There are some limitations to our dataset that may have impacted our results. First, despite best efforts, we might have some error on emergence date for pups and mothers because we rely on visual observations to determine emergence. While our observation effort is high in this study with colonies observed on a near-daily basis with approximately 1000 hours of observations logged per year, exact emergence dates may still be missed. We additionally tried to control for this by limiting our analyses to only the main colonies as these are observed with a higher frequency than satellite colonies. Therefore, we are less likely to have missed emergence dates in the main colonies compared to the satellite colonies. Further, we are only able to use pup emergence date as our proxy for the timing of reproduction. Being able to see inside burrows and know exactly when pups are born would provide a better estimate of the timing of reproduction in addition to identifying cases when all pups died during lactation. Similarly, being able to know when a female mated would also provide more information about pregnancy interruption (reabsorption and abortions).
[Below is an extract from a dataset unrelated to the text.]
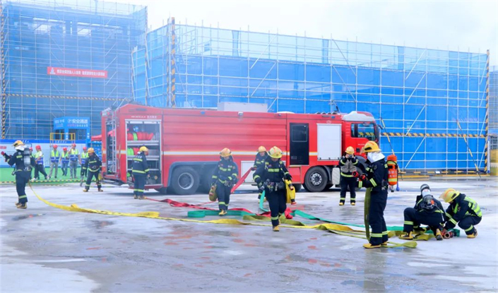 现场还组织消防应急救援实操演练,模拟施工现场用电不规范导致火灾。事故发生后,工地迅速启动消防应急预案,施工单位组建应急救援小组迅速反应,并第一时间请求消防及救护援助。随后,消防应急车辆和救援队伍也赶赴现场进行灭火和救援工作。演练过程中,各岗位人员反应迅速,协同配合,疏散过程安全有序。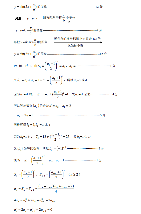 2016年10月河北保定高三摸底考试理科数学试题答案(2)

Additionally, we unfortunately only have data on female emergence date between 2003-2017. It would have been interesting to analyze pup and female emergence dates for more years. Finally, since we only have one weather station on site, the climate variables used are the same between valleys. In the future it would be interesting to separate weather variables between the valleys since the up-valley environment is harsher and there is phenology delay of about two weeks between the valleys.

Conclusions:

Overall, we report that while marmots are plastically adjusting the timing of pup emergence date in response to changing spring snowpack, individuals do not differ in their plasticity level. Further, pup emergence date is not heritable but there is selection for pups to emerge earlier. This indicates that pup emergence date may not have an optimum time and it is just better to emerge earlier. Without having inter-individual variation in plasticity and without being able to evolve in response to natural selection, this population may be limited in its ability to track optimal environmental conditions for reproduction. If climate continues to change, this may prove problematic. For instance, the length of the active season may change, altering the timing of food availability. If pups do not emerge early enough, they may not be able to gain enough mass prior to hibernation. Similarly, if the mother reproduces too late in the season, she will also be limited in her ability to gain sufficient mass for hibernation. This potential mismatch in the length of the active season and when pups emerge may impact population fitness, causing a decrease in pup and dam survival. Additionally, future research should investigate the discrepancy we report between female and pup emergence to determine the ecology behind this pattern.